Think Hurwitz is a greedy f*%#*r. The Nature Conservancy is the leading property buying and selling corporation in the world. With a board made up of the top fortune 500 they love resource acquisitions. They give just enough to keep the choir happy. When the time comes they will chop,cut,spindle,dig or mutilate and yes baby it will all be for profit but in the name of protection. “There’s a sucker born every minute.”
“sustainably managed timber production”
That means you can subdivide and build, right?
It’s true, niether the Nature Conservancy nor the Bank of America can be trusted.
There has to be a more localized proposal to answer the Maxxam/PL bankruptcy question.
Maxxam wants to sell their old growth, with permanent conservation easements attached, so why isn’t that getting any support?
Could it be that Hurwitz has finally seen the light, that it’s better to sell the old growth for permanent protection than to cut them down?
Given the choices of Maxxam, the Fishers, or the Nature Conservancy/Bank of America, I’d say Maxxam is the lesser of three evils.
A locally-owned and operated Pacific Lumber would be the most ideal, yet who’s going to try to buy PL in Humboldt? The Arkleys? Doubt it.
So, given the choices at hand, unless some Humboldt billionnaire pops up out of nowhere, I’d rather support Maxxam’s plan, whether it be a few expansions of existing townships (as Humboldt seems to prefer) or ranches for movie stars, and the old growth could be sold off in 3-acre parcels to many people, permanently protected, so that many individuals would have the joy of saving an old growth redwood grove.

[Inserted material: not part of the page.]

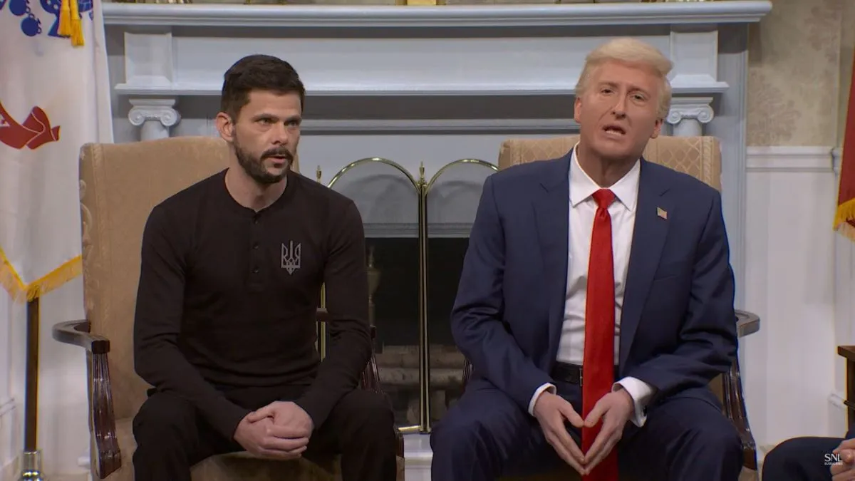 밴스 부통령 역의 배우는 젤렌스키 대통령 역의 복장을 지적하며 "마치 '스타트렉' 캐릭터처럼 보인다"고 비꼬았습니다. 또한 트럼프 역 배우는 젤렌스키 역 배우에게 "하고 싶은 말이 있냐"며 "미스터 푸틴(러시아 대통령)에게 당신이 그를 얼마나 사랑하는지 그리고 당신이 러시아를 침공해 미안하다고 말하는 게 어떠냐"고 말했죠. 이어 "당신의 아내와의 하룻밤을 그에게 제안하는 것도 좋겠다"고 말하며 트럼프 대통령이 젤렌스키 대통령에게 무리한 요구를 하고 있다는 것을 비판했습니다.

As a former member of Julia “Butterfly” Hill’s ground support team, I can tell you that it’s a very good feeling to be part of saving old growth permanently, and I’d rather see a lot of people get together to buy 3-acre plots than see it all go into the hands of a greedy globalist organization like the Nature Conservancy.
Here’s a video to back this up.
http://www.youtube.com/watch?v=lJjwnVVEHmw
From my perspective, it’s very good news that Maxxam wants to sell old growth groves to get out of debt; whether it will work or not doesn’t matter, because it could all be part of Hurwitz’s endgame, and PL might still go to the highest bidder in the end, so let’s at least try to save some old growth while we have a chance, and not gleefully welcome something potentially worse into our community, namely the Fishers and/or the Nature Conservancy/B of A.
Forever Wild,
Shunka Wakan
North Coast Earth First!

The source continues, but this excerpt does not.